Выбрать главу

«Переходи ко мне жить. Клянусь матерью, люблю тебя больше всего на свете», — говорю я ей. Она в ответ: подожди, мол, не так сразу. И хоть целоваться целуется, но чтоб руки под кофточку, как бывало, ни-ни! И вдруг в понедельник сама является в парикмахерскую, строгая, в черном платье, и говорит: «Послушай, Николас, я поняла, что ты и вправду меня любишь. Я перехожу к тебе». Сердце мое вот-вот разорвется от радости. Прощай, домино в субботние вечера! Прощай, постель мулатки Эдувихис Чакон! Да здравствует Халиско! Целую неделю я хожу по магазинам, выбираю самую красивую кровать, достойную Росарио Кардосо. Теперь она — моя жена, хотя мы и не венчались и не регистрировали брак, чтобы не мешать дальнейшей нашей любви, — будет спать в моих объятьях. Мы обязательно постараемся иметь ребенка. И Росарио и я мечтаем об этом.)

— История моя подходит к концу, — продолжал Парикмахер. — Трое бандитов спасли мне жизнь, отпоили молоком, словно малое дитя, залечили раны лекарствами, которые уму непостижимо, где и как раздобывали. Однажды ночью их увели, и я остался один в грязной пустой камере. А неделей позже меня перевели в тюрьму, где я встретился с вами. Так Парикмахер стал храбрым революционером, который под пытками не сказал ни слова из того, что знал, хотя на самом-то деле ничего не знал и ему просто нечего было сказать. Одно утешение выпало мне на долю за все это горькое время: в марте, в день святого Иосифа, пришло письмо от Росарио Кардосо, моей жены.
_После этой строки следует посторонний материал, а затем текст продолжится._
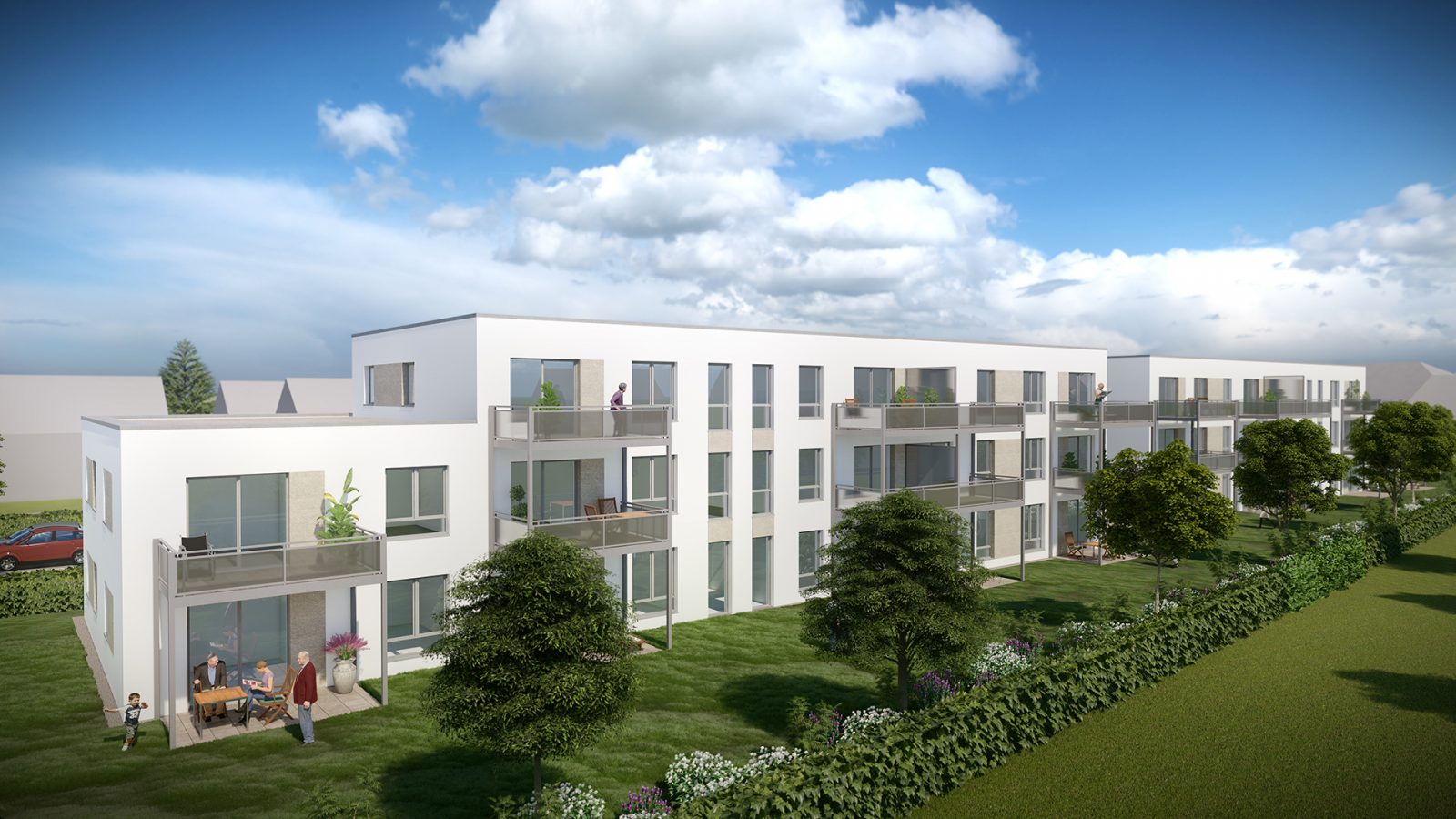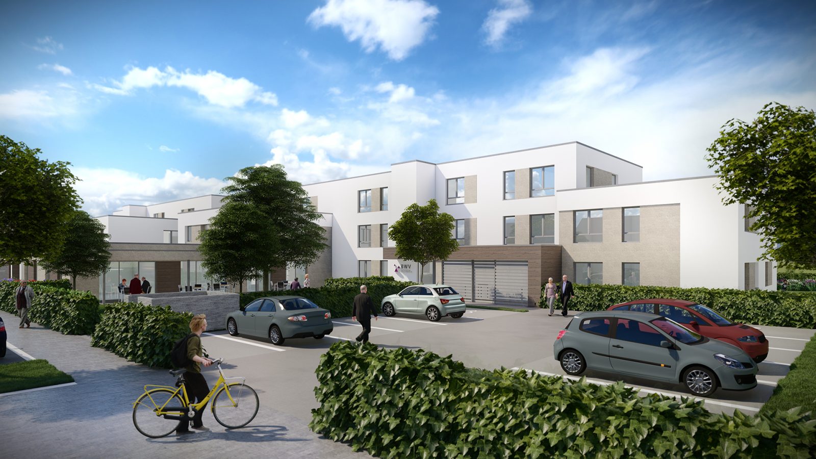 Ein Neubau mit 30 Wohneinheiten und einer Tagespflege soll in Harsum entstehen. Die Zwei- und Dreizimmerwohnungen verteilen sich auf zwei Geäudeflügel und sind barriere- sowie stufenfrei erreichbar. Die Staffelung des Baukörpers lockert das Erscheinungsbild auf und bindet ihn so fließend in die Umgbung ein.

В письме говорилось, что она и малыш здоровы и думают только обо мне.

— Малыш? — переспросил Бухгалтер. — Какой малыш?

— Как какой? Мой сын. Мой и Росарио Кардосо. Светловолосый, как мать, шестилетний сорванец.

— У тебя есть сын? — привстал на койке Журналист. — И как его зовут? Парикмахер ответил с гордостью;

— Его зовут Онорио,

ТЕТРАДЬ ВТОРАЯ

Июль, среда

После обеда зашел разговор об Онорио. С того момента, как Парикмахер сказал о существовании ребенка и назвал его имя, у четверых узников из головы не выходил этот неожиданный персонаж, их так и подмывало разузнать о нем поподробнее.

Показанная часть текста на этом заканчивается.